CVE-2025-12328 identifies a SQL injection vulnerability in the shawon100 RUET OJ platform, a system used for online programming contests and problem management. The vulnerability resides in an unspecified function within the /contestproblem.php file, where the 'Name' parameter is improperly sanitized, allowing an attacker to inject malicious SQL code. This injection can be exploited remotely without requiring authentication or user interaction, increasing the attack surface. The platform operates on a rolling release basis, meaning updates are continuously delivered without fixed version numbers, complicating patch management and vulnerability tracking. Despite early vendor contact, no response or patch has been issued. The CVSS 4.0 vector indicates network attack vector (AV:N), low attack complexity (AC:L), no privileges required (PR:L), no user interaction (UI:N), and partial impacts on confidentiality, integrity, and availability (VC:L, VI:L, VA:L). Although no active exploits have been observed in the wild, a public exploit is available, raising the risk of exploitation. The vulnerability could allow attackers to extract sensitive data, modify database contents, or disrupt service availability, depending on the database privileges and application logic. The lack of vendor response and patch availability heightens the urgency for organizations to implement compensating controls.

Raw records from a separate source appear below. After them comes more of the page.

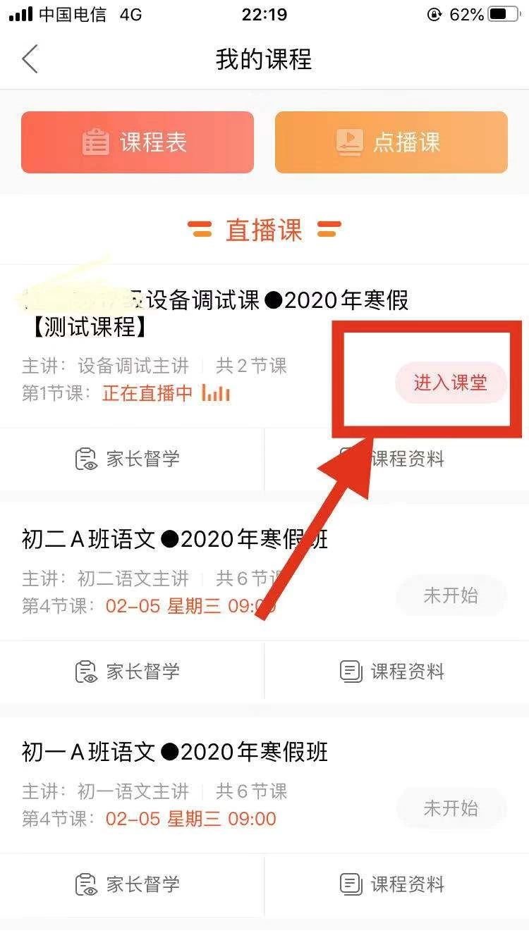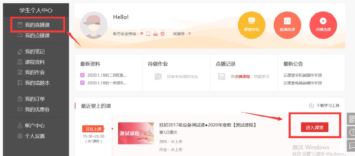 第二步:进入学生个人中心,点击“我的直播课”→点击课程右侧“进入课堂”。
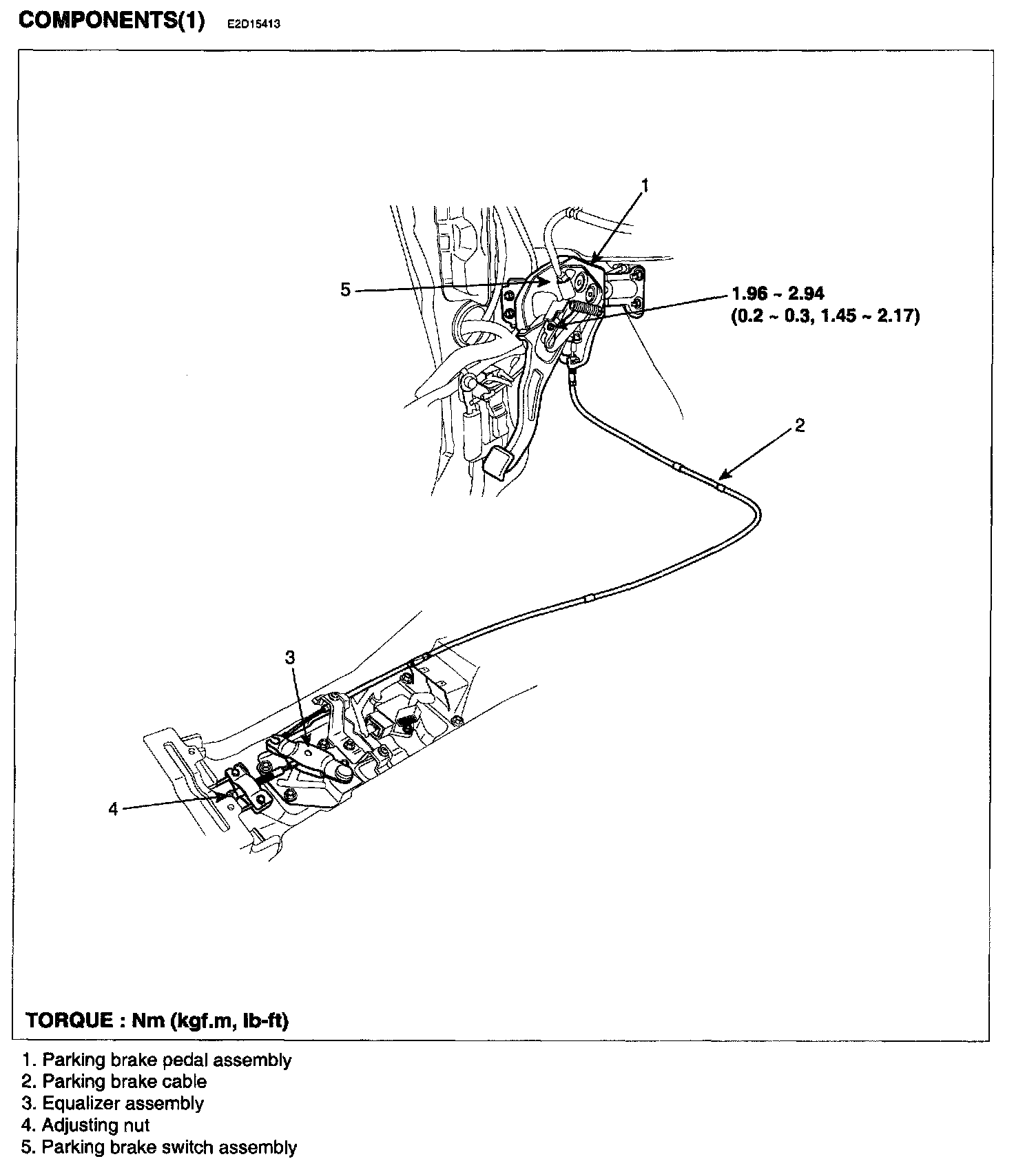 2. Remove the parking brake mounting bolt(A) and the wire(B).
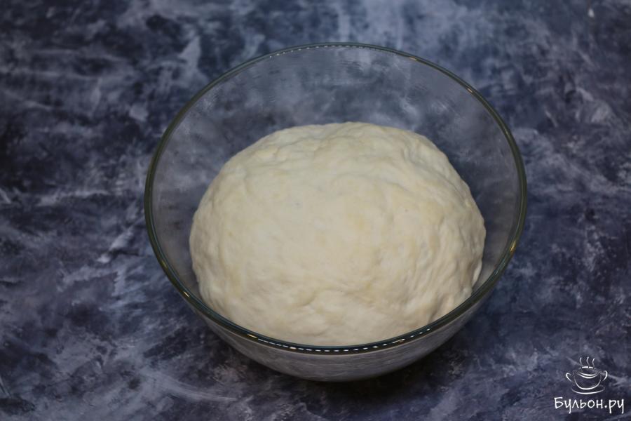 4. Замесите тесто, затем выложите его, на смазанную маслом, рабочую поверхность и вымешивайте его 5 минут, чтобы получилось однородное, мягкое тесто. Уже подготовленное тесто выложите в чистую емкость, также смазанную маслом. Накройте ее и оставьте в теплом месте на 1,5 часа.
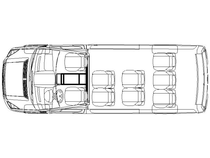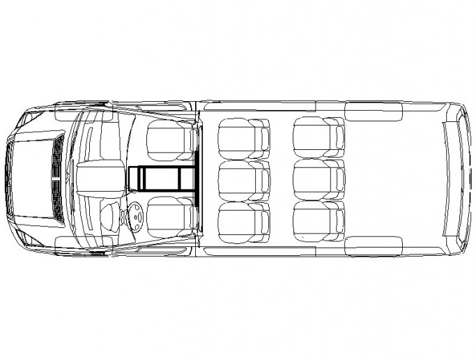 9-Sitzer: Einzelfahrersitz und Einzelbeifahrersitz in der 1. Sitzreihe, 2er Sitzbank in der 2. Sitzreihe, eine 2er Sitzbank in der 3. Sitzreihe und eine 3er Sitzbank in der 4. Sitzreihe
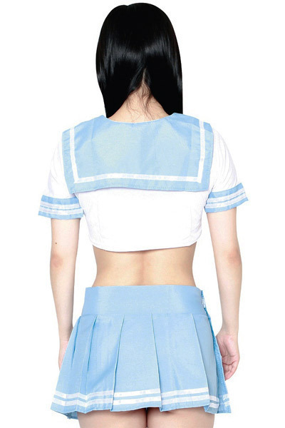 パステルブルーの淡い色味が可愛いミニ丈セーラー服コスプレ。
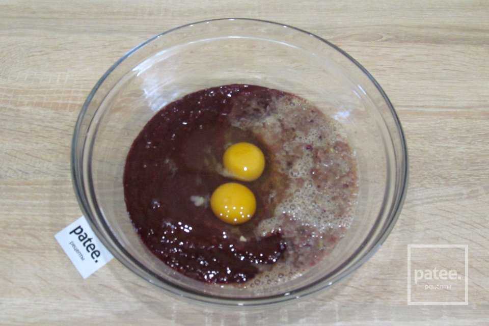 - В фарш добавить яйца, муку. Посолить и поперчить по вкусу. По консистенции фарш не будет густым, скорее, он будет напоминать средней жирности сметану.
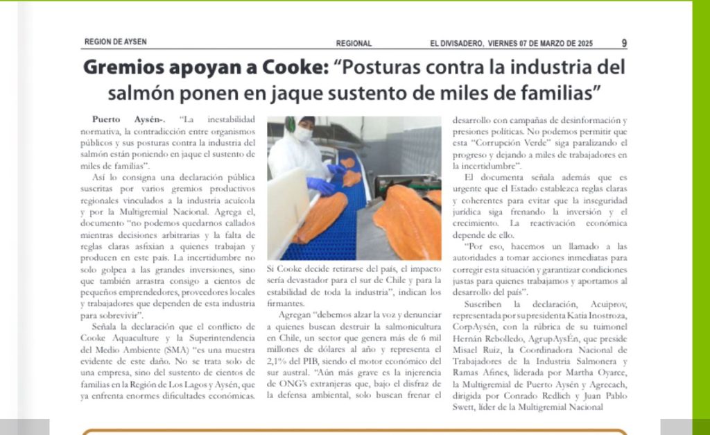 Gremios apoyan a Cooke: «Postura contra la Industria del salmón ponen en jaque el sustento de miles de familia

For European organizations, exploitation of this SQL injection vulnerability could lead to unauthorized access to sensitive data such as user credentials, contest problems, or participant information, potentially violating GDPR and other data protection regulations. Integrity of contest data could be compromised, undermining the fairness and trustworthiness of programming competitions or academic assessments. Availability impacts could disrupt contest operations, causing reputational damage and operational delays. Given the remote and unauthenticated nature of the exploit, attackers could target publicly accessible RUET OJ instances without prior access. Organizations relying on RUET OJ for educational or competitive programming purposes may face increased risk of data breaches or service interruptions. The absence of vendor patches necessitates reliance on internal security measures, increasing operational overhead. Additionally, public exploit availability raises the likelihood of opportunistic attacks, especially in environments with limited security monitoring.

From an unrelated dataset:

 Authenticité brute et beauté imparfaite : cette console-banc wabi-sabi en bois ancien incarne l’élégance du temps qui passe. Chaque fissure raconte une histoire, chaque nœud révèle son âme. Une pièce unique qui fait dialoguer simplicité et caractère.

1. Implement strict input validation and parameterized queries or prepared statements in the application code to prevent SQL injection. 2. Deploy Web Application Firewalls (WAFs) configured to detect and block SQL injection patterns targeting the 'Name' parameter in /contestproblem.php. 3. Conduct thorough code audits and penetration testing focused on database interaction points within RUET OJ. 4. Monitor database logs and application logs for unusual queries or error messages indicative of injection attempts. 5. Restrict database user privileges to the minimum necessary, limiting the potential damage from successful injection. 6. Isolate RUET OJ instances behind VPNs or access controls where feasible to reduce exposure. 7. Maintain regular backups of contest data to enable recovery in case of data tampering or loss. 8. Engage with the vendor community or open-source maintainers to track any forthcoming patches or updates. 9. Educate administrators and developers on secure coding practices and the importance of timely vulnerability remediation. 10. Consider alternative contest management platforms with active security support if RUET OJ cannot be adequately secured.